Without including the pictures, copy each line below exactly as it reads.

*** Data Section Begins ***

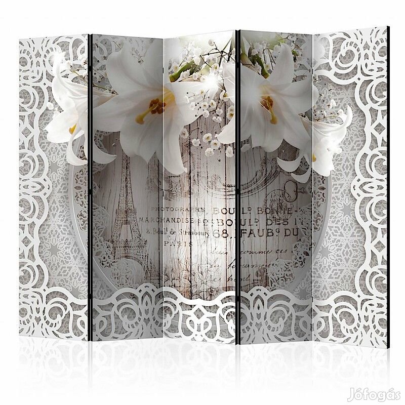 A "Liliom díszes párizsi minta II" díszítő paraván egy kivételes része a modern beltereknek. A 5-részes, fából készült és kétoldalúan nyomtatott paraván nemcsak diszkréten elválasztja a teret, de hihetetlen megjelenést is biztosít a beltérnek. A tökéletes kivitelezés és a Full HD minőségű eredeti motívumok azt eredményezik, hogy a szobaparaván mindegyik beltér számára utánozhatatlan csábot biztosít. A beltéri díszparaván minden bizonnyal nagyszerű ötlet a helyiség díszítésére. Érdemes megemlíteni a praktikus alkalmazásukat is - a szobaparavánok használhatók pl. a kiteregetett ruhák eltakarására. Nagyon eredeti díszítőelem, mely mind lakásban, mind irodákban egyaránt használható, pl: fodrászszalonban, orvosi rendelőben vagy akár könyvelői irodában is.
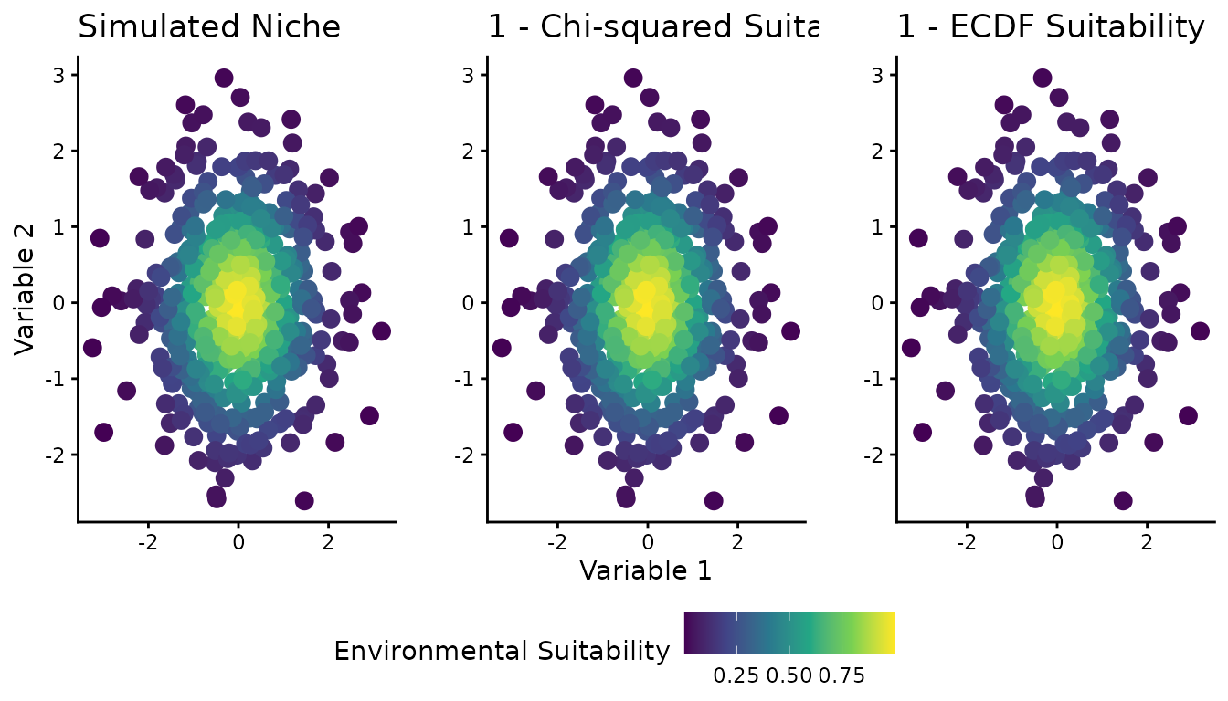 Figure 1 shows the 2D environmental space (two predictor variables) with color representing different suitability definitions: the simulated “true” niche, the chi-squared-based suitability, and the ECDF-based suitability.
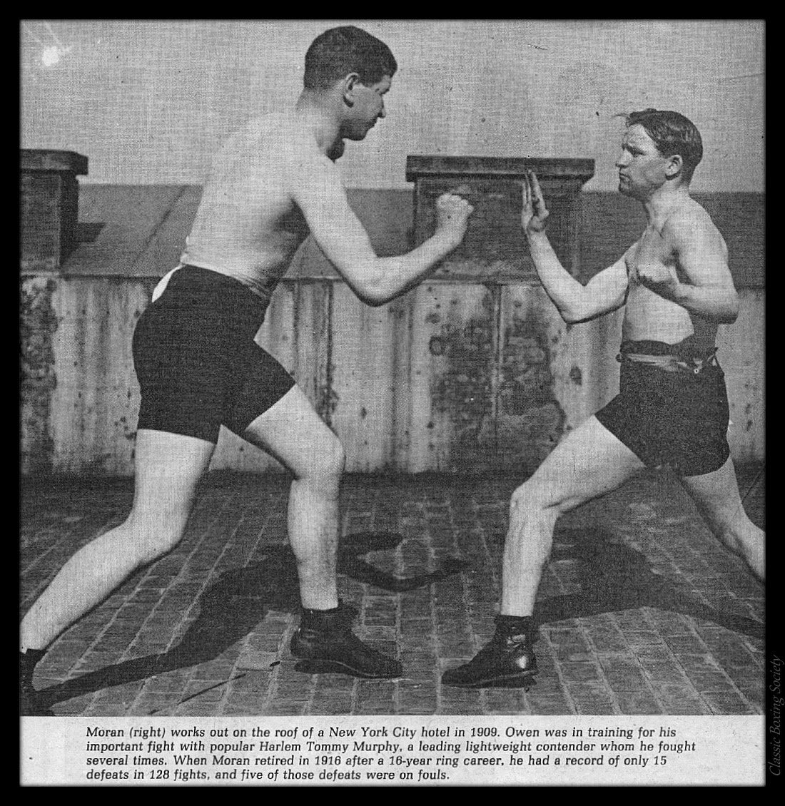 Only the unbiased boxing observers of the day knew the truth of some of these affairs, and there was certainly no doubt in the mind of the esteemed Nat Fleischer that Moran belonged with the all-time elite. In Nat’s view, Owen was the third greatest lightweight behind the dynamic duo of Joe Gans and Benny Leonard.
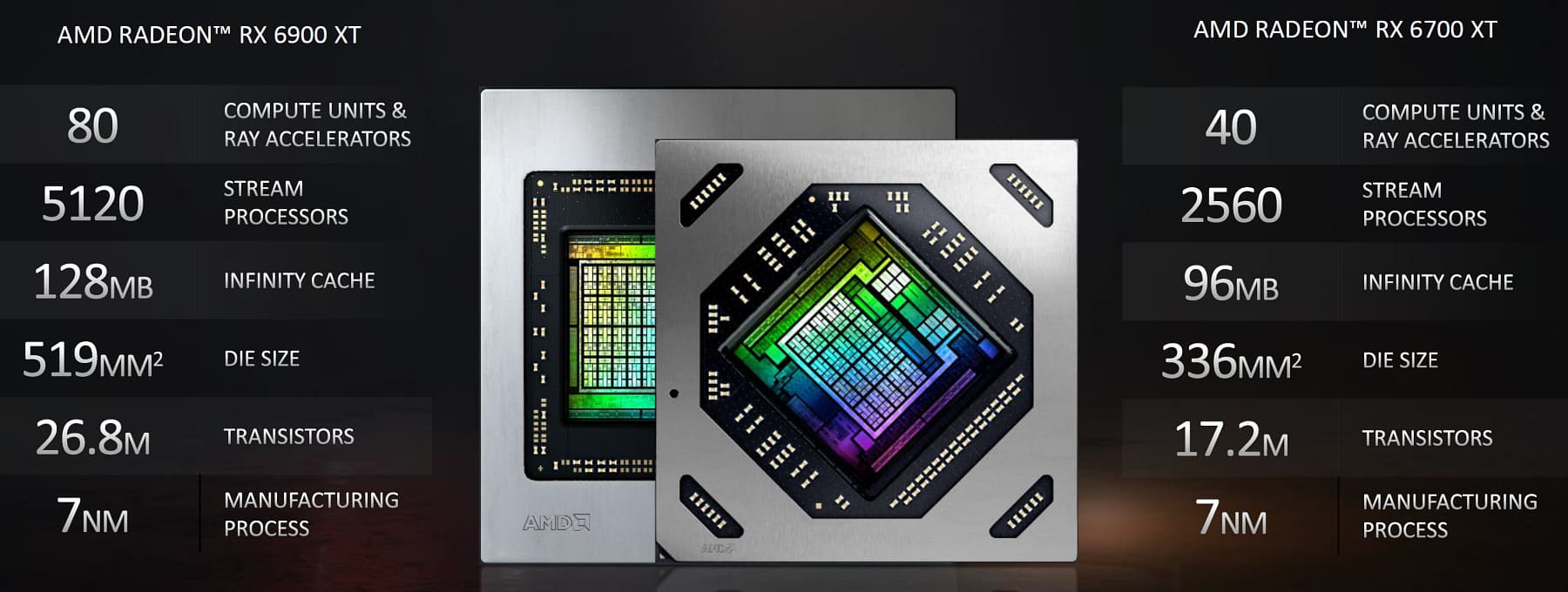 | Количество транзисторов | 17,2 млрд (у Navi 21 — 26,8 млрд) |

*** Data Section Ends ***

# [Expected answer]
 A "Liliom díszes párizsi minta II" díszítő paraván egy kivételes része a modern beltereknek. A 5-részes, fából készült és kétoldalúan nyomtatott paraván nemcsak diszkréten elválasztja a teret, de hihetetlen megjelenést is biztosít a beltérnek. A tökéletes kivitelezés és a Full HD minőségű eredeti motívumok azt eredményezik, hogy a szobaparaván mindegyik beltér számára utánozhatatlan csábot biztosít. A beltéri díszparaván minden bizonnyal nagyszerű ötlet a helyiség díszítésére. Érdemes megemlíteni a praktikus alkalmazásukat is - a szobaparavánok használhatók pl. a kiteregetett ruhák eltakarására. Nagyon eredeti díszítőelem, mely mind lakásban, mind irodákban egyaránt használható, pl: fodrászszalonban, orvosi rendelőben vagy akár könyvelői irodában is.
 Figure 1 shows the 2D environmental space (two predictor variables) with color representing different suitability definitions: the simulated “true” niche, the chi-squared-based suitability, and the ECDF-based suitability.
 Only the unbiased boxing observers of the day knew the truth of some of these affairs, and there was certainly no doubt in the mind of the esteemed Nat Fleischer that Moran belonged with the all-time elite. In Nat’s view, Owen was the third greatest lightweight behind the dynamic duo of Joe Gans and Benny Leonard.
 | Количество транзисторов | 17,2 млрд (у Navi 21 — 26,8 млрд) |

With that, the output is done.